Perhaps this unique 'phenological' effort mentally rubbed off on the young Dawson - leading him to see life on Earth as sharing in a basic global commensality together.

Because during the 1920s and 1930s , Dr Dawson didn't just selflessly help those chronically ill humans dismissed as basically useless and worthless by most other people. He also regarded them as worthy in and of themselves , as they were.

He showed the same evenhanded regard for all when it came to all the 'odd' , 'useless' , 'unworthy of study', 'avirulent' microbes he chose to study at great cost to his career.

For just as he valued the great plenitude of human types, so he felt the same about the great variety and plenitude of non -human life not matter how useless they appeared to be to the rest of humanity.

Simply put,  I am saying that plenticide and selfishness and narrow group-love are much the same, just as support of plenitude  and commensality and agape love are basically the same.

With the sixth mass extinction - happening now - we are practising plenticide on a huge scale - and once again only the agape love of the agape naturalist will halt this madness .....

Tuesday, May 27, 2014

Moral Courage --- this doctor tested on himself first - not on some helpless dying woman ...

First to receive penicillin needle : Henry Dawson, October 15 1940, Columbia Presbyterian medical center, New York

Despite this, Canadian-born (Martin) Henry Dawson wasn't actually a patient.

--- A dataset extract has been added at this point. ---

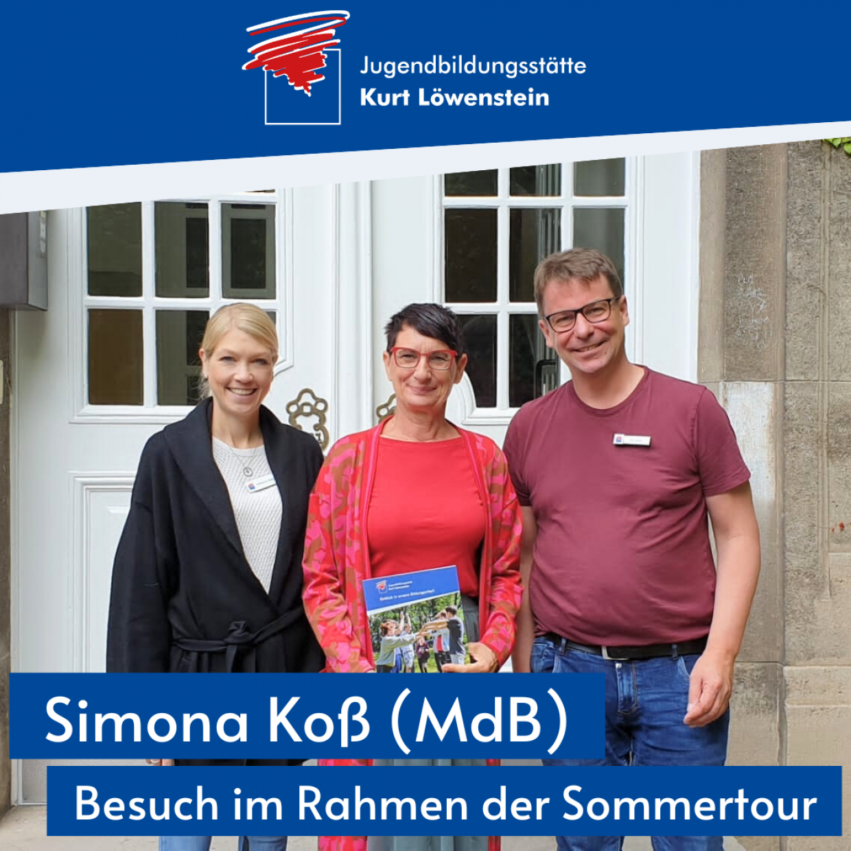 Am Donnerstag, dem 20. Juli besuchte die Bundestagsabgeordnete Simona Koß im Rahmen ihrer diesjährigen Sommertour die Jugendbildungsstätte Kurt Löwenstein, um sich über das Projekt „Perspektive Bleiben“ zu informieren. Das Projekt bietet unterschiedlichste Angebote für Jugendliche und junge Erwachsene mit und ohne Fluchterfahrung, wie z.B. die Ferienwerkstatt „Ich will was von der Welt!“, die vom 16.-23. Juli in der Jugendbildungsstätte Kurt Löwenstein stattgefunden hat. Simona Koß tauschte sich mit den Teilnehmenden der Ferienfahrt aus und lud für November eine Gruppe junger Ukrainer*innen zu einem Gespräch und einer Führung in den Bundestag ein.

He was instead the lead investigator of this particular American penicillin research team.

He was merely following an old tradition that says a truly caring doctor doesn't first test a potentially dangerous new therapy upon his patients , but rather upon himself.

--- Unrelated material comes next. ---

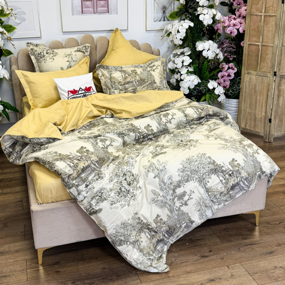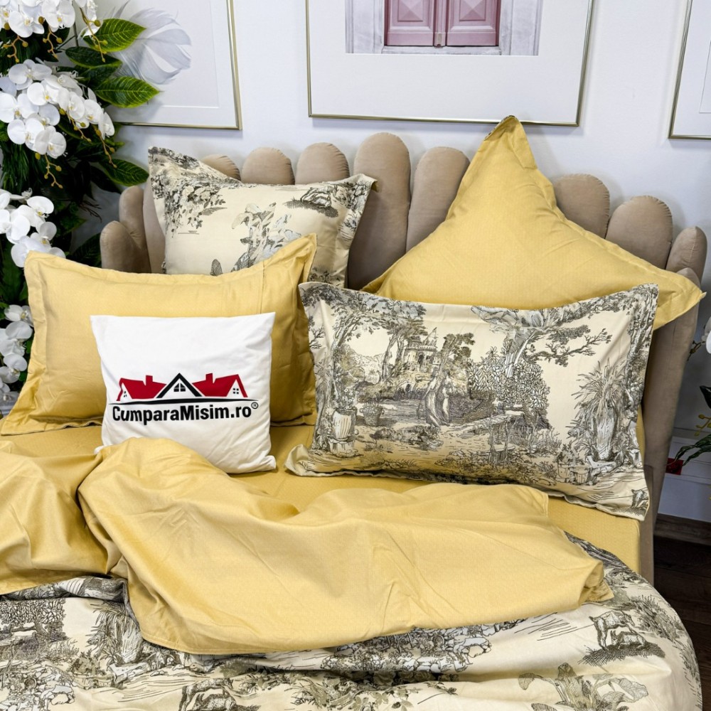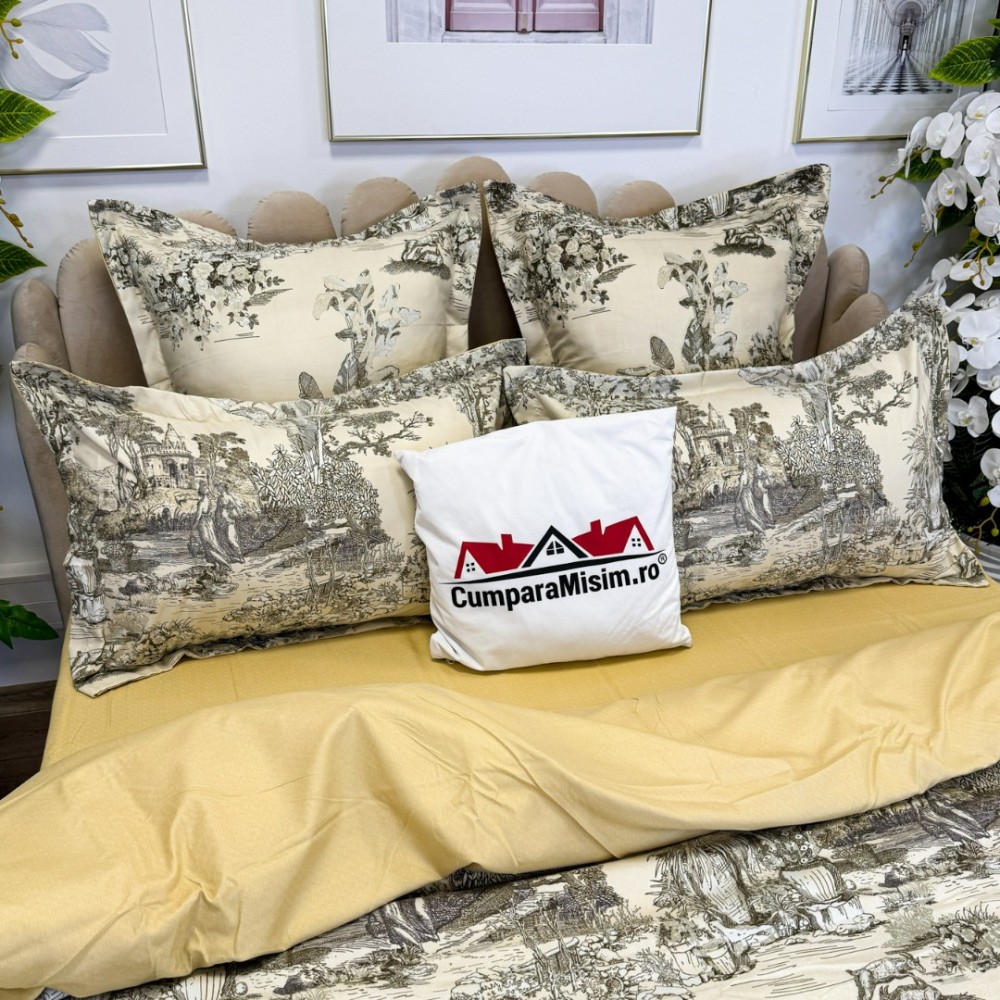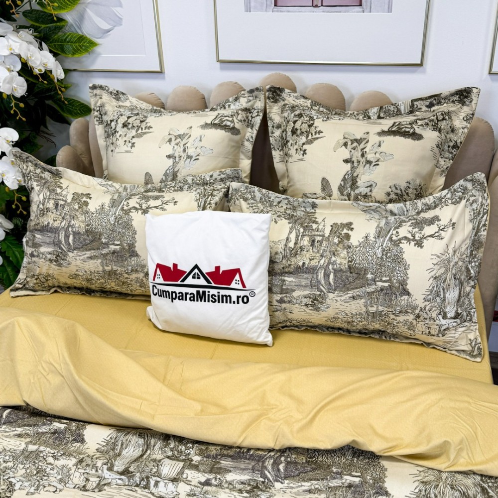 Lenjerie pat dublu (140x200cm, 160x200cm, 180x200cm), FINET, 6 piese, Bej, flori, copaci, Johny Home Pucioasa, cod produs: SPR-R60-530

It is a tradition that Dawson's main penicillin rival, Australian Howard Florey - entirely in character with his self-serving nature - declined to follow.

Just one of many reasons why Hollywood producers find the idea of a penicillin drama featuring Florey as the lead to be box office poison for the women viewers who form the bulk of the audiences for medical dramas.

Dawson's other penicillin rival, Britain's Alex Fleming , like Florey was consistently unwilling to do anything that might risk his own neck - like fight in the Boer War - and he too never gave himself a needle of his own penicillin to test its safety.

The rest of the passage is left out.